Contoh kasus untuk diare intake : 1200 ml, out put : 3500 ml,
keluhan haus (+), turgor tidak elastis, kelopak mata tampak
cekung. Dari respon pasien tersebut dapat disimpulkan
bahwa diagosa keperawatan pasien menurut Roy adalah
defisit volume cairan.
c. Menyimpulkan respon klien dari satu atau lebih dari mode
adaptif yang terkait dengan stimulus yang sama. Misalnya
mode yang terganggu adalah : mode fisiologis, konsep diri
dan interdependensi.
Contoh kasus ; klien mengeluh tidak mau makan, makan
hanya habis ¼ porsi, BB turun 2 Kg dari normal. Dari data
tersebut klien mengalami gangguan kebutuhan nutrisi :
nutrisi kurang dari kebutuhan (mode fisiologis). Karena klien
kekurangan nutrisi mengakibatkan posturnya tampak kurus,
hal ini membuat klien mengalami gangguan Body Image
( Mode Konsep diri ), kondisi ini juga mengakibatkan klien
tidak dapat memenuhi kebutuhannya sehari-hari ( Mode
Interdependensi )
4. Penentuan tujuan
Roy (1984) menyampaikan bahwa secara umum tujuan pada
intervensi keperawatan adalah untuk mempertahankan dan
mempertinggi perilaku adaptif dan mengubah perilaku inefektif
menjadi adaptif. Penentuan tujuan dibagi atas tujuan jangka
panjang dan tujuan jangka pendek. Tujuan jangka panjang yang
akan dicapai meliputi : Hidup, tumbuh, reproduksi dan kekeuasaan.

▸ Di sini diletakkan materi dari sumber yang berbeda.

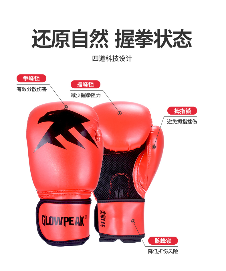 【glowpeak旗舰店】品牌直销,训练拳套男女!环保材质,多重保护,炫酷外观。松紧套戴设计,透气网格!还品质看得见,抗击打,柔韧性强。全面保护。天猫品质保证~

Tujuan jangka pendek meliputi tercapainya tingkah laku yang
diharapkan setelah dilakukan manipulasi terhadap stimulus focal,
konteksual dan residual.
5. Intervensi
Intervensi keperawatan dilakukan dengan tujuan , mengubah
atau memanipulasi stimulus fokal, kontekstual dan residual, juga
difokuskan pada koping individu atau zona adaptasi, sehingga
seluruh rangsang sesuai dengan kemampuan individu untuk
beradaptasi.
Tindakan keperawatan berusaha membantu stimulus menuju
perilaku adaptif. Hal ini menekankan kembali pentingnya
mengidentifikasi penyebab selama pengkajian tahap II.
6. Evaluasi
Evaluasi merupakan penilaian efektifitas terhadap intervensi
keperawatan sehubungan dengan tingkah laku pasien. Perawat
harus mengkaji tingkah laku pasien setelah diimplementasi.

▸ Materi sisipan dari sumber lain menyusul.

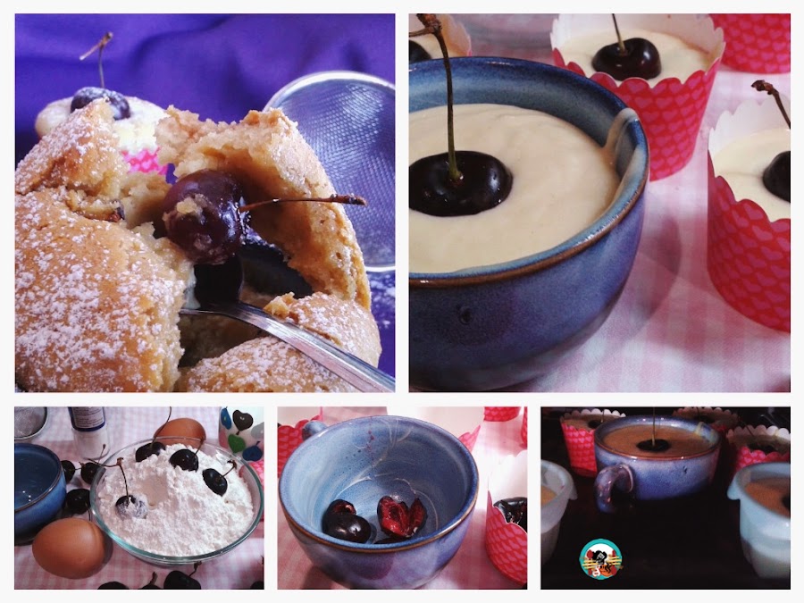 Este año me he propuesto actualizar algunas recetas que ya tengo publicada en el blog, el pasado sábado hice unos muffins de cerezas y vainilla. (Ver receta) Todavía no he corregido el post y cambiado las fotografías. Simplemente, después de preparar la masa, engrase una taza, le puse unas cereza en el fondo y la llene con la masa. Igualmente la hice en el horno 25 minutos a 180ºC. También podemos cocinarlo en el microondas a una temperatura de 70% unos 5 minutos.

Intervensi keperawatan dinilai efektif jika tingkah laku pasien sesuai
dengan tujuan yang ditetapkan.
BAB III
PENUTUP
3.1 KESIMPULAN
Berdasarkan analisa terhadap model adaptasi Roy, maka
kelompok menganalisa bahwa model keperawatan roy lebih
menekankan pada manusia secara holistik yang memiliki
mekanisme koping untuk beradaptasi terhadap perubahan
lingkungan. Konsep ini juga menekankan pentingnya individu untuk
mempertahankan perilaku secara adaptif dan mampu merubah
perilaku yang maladaptif agar dapat meningkatkan kesehatannya.
Model konseptual Roy berisi 4 elemen yaitu manusia,
lingkungan, kesehatan, dan keperawatan. Manusia dipandang
sebagai sitem adaptasi kehidupan yang perilakunya dapat
diklasifikasikan menjadi respon yang adaptif atau respon yang
inefektif. Lingkungan terdiri stimulus internal dan eksternal.

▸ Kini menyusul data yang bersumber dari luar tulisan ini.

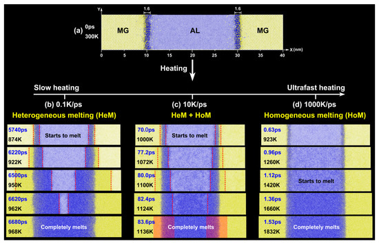 At ultrafast heating rates such as 1000 K/ps (Figure 1d), all regions of the nanolayer simultaneously change into disorder structures, illustrating that the melting starts in every local region. In other words, melting nuclei are uniformly distributed across the entire nanolayer. Such a melting process presents two notable features: (i) the nanolayer is highly superheated with a complete melting temperature of up to 1420 K (485 K above the of pure Al) [29], and (ii) the melting time, from the beginning to the moment when the nanolayer completely melts, is as short as 1.53 ps, which is consistent with the predictions for the homogeneous melting (HoM) process [30,31]. The uniform order to disorder structural change and the short melting time indicate that the melting is governed by homogeneous nucleation at such heating conditions.

Kesehatan adalah proses menjadi terintegrasi dan dapat mencapai
tujuan untuk hidup, pertumbuhan, reproduksi, penguasaan. Tujuan
keperawatan adalah meningkatkan respon adaptasi yang
berhubungan dengan adaptasi mode, menggunakan informasi
tentang tingkat adaptasi manusia dan stimulus fokal, kontekstual,
dan residual.
Setelah penulis melakukan analisis SWOT pada konseptual
calista Roy, penulis menyimpulkan bahwa konseptual ini dapat
digunakan di Indonesia dengan mempertahankan keuntungan,
memanfaatkan kesempatan, memperbaiki kelemahan serta
menekan ancaman yang ada.
http://abimuhlis.blogspot.com/2007/05/model-adaptasi-roy.html
3.2 SARAN
Dalam penerapan asuhan keperawatan, ada baiknya apabila
penulis mencari teori model keperawatan menurut beberapa tokoh
keperawatan, selain menurut tokoh yang sudah dipelajari. Dari
kegiatan tersebut, diharapkan akan banyak informasi yang dapat
diserap oleh perawat dan dapat membantu dalam pengaplikasian
teori model keperawatan tersebut.
DAFTAR PUSTAKA
Salbiah. 2006. Teori Model Calista Roy. http://www.psik-fkusu.ac.id.
Diakses tanggal 1 Desember 2009. Jam 10.20.
Potter & Perry. 2005. Fundamental keperawatan (volume 1). Jakarta: EGC
Friedman, Marylin M. 2002. Keperawatan Keluarga (edisi 3).
Jakarta: EGC
Setiawati, dkk. 2008. Asuhan Keperawatan Keluarga.Tim Jakarta
Murwani, Arita. 2008. Pengantar Konsep Dasar keperawatan.
Jakarta. TIM 2008
Maya, Fitra. 2008. Tim Pengajar keperawatan komunitas. Jakarta: TIM
2008
Mubarakat, Wahit Iqbal. 2008. Pengantar Keperawatan Komunitas.